---------- INFORMATION SUPPLIED

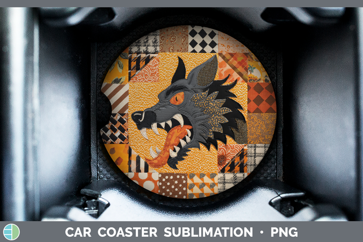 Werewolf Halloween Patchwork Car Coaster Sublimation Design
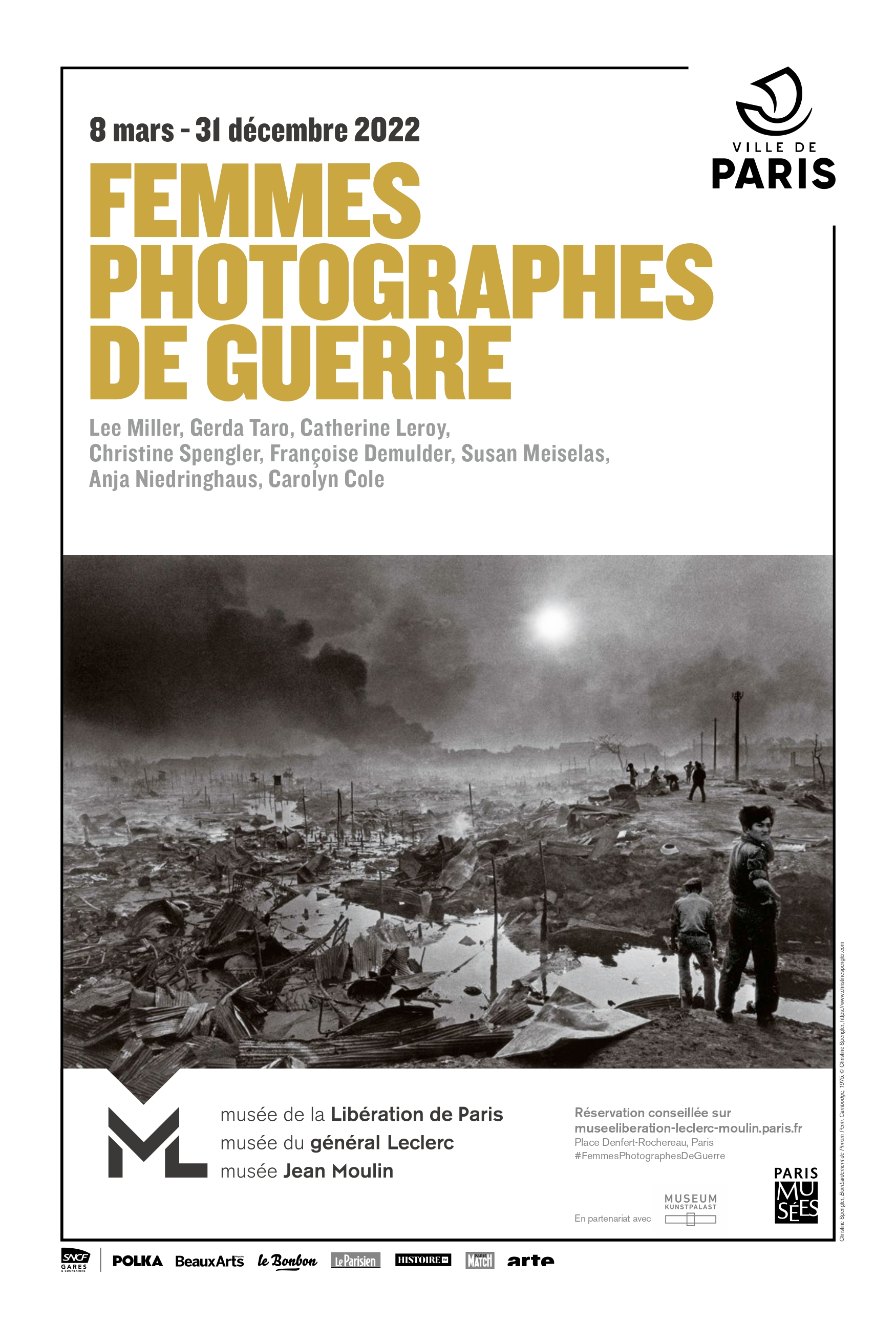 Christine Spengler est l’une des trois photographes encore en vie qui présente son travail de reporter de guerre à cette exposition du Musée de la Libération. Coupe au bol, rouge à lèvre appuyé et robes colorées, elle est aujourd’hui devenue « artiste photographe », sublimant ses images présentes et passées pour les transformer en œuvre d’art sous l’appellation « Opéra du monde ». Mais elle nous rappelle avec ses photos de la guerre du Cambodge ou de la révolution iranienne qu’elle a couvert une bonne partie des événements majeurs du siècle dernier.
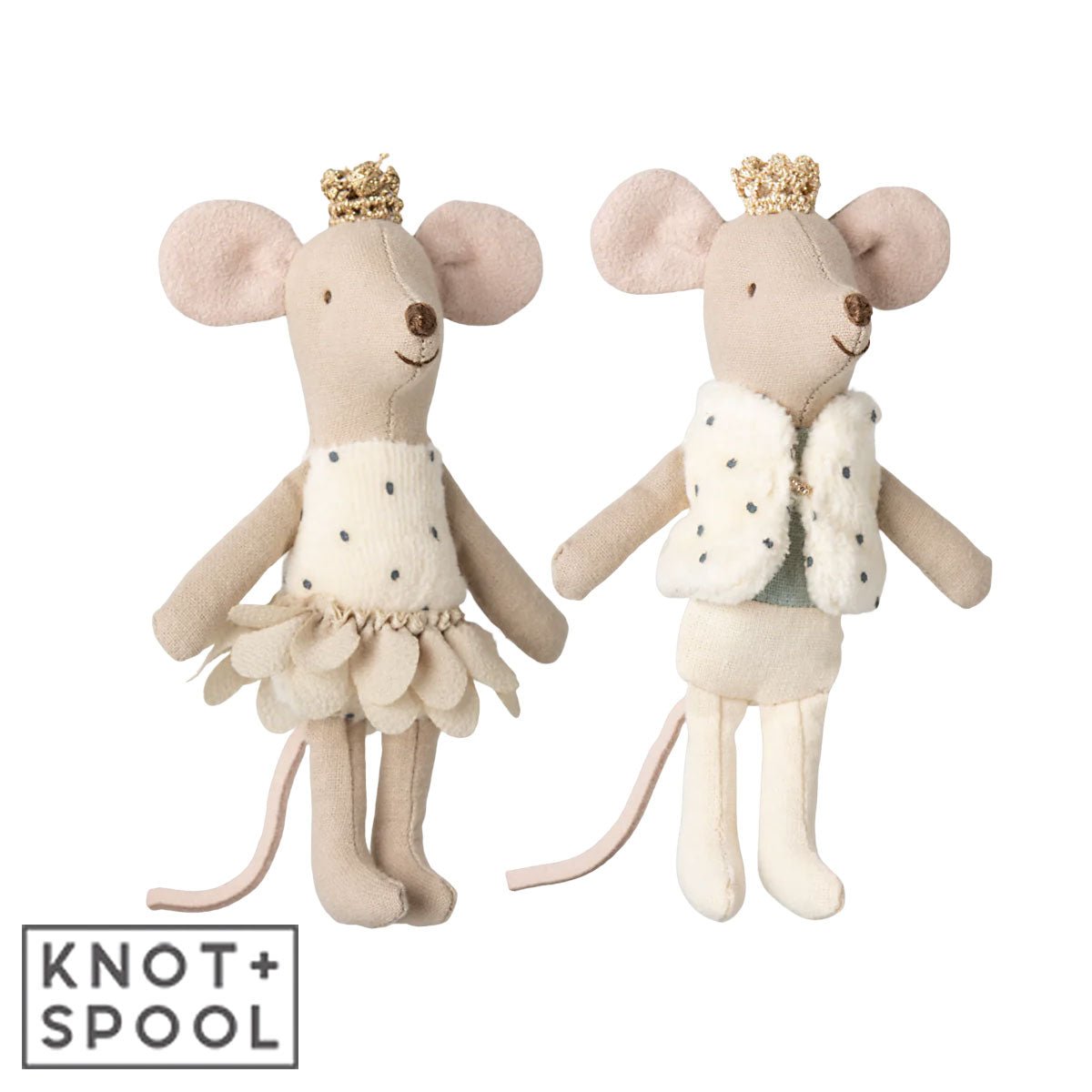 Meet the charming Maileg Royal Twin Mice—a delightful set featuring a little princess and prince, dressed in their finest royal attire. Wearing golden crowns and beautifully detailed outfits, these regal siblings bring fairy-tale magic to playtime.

--------------------

▶ [TASK OBJECTIVE] Reproduce the whole listing word for word, setting aside any pictures.

▶ [ANSWER SPACE]
 Werewolf Halloween Patchwork Car Coaster Sublimation Design
 Christine Spengler est l’une des trois photographes encore en vie qui présente son travail de reporter de guerre à cette exposition du Musée de la Libération. Coupe au bol, rouge à lèvre appuyé et robes colorées, elle est aujourd’hui devenue « artiste photographe », sublimant ses images présentes et passées pour les transformer en œuvre d’art sous l’appellation « Opéra du monde ». Mais elle nous rappelle avec ses photos de la guerre du Cambodge ou de la révolution iranienne qu’elle a couvert une bonne partie des événements majeurs du siècle dernier.
 Meet the charming Maileg Royal Twin Mice—a delightful set featuring a little princess and prince, dressed in their finest royal attire. Wearing golden crowns and beautifully detailed outfits, these regal siblings bring fairy-tale magic to playtime.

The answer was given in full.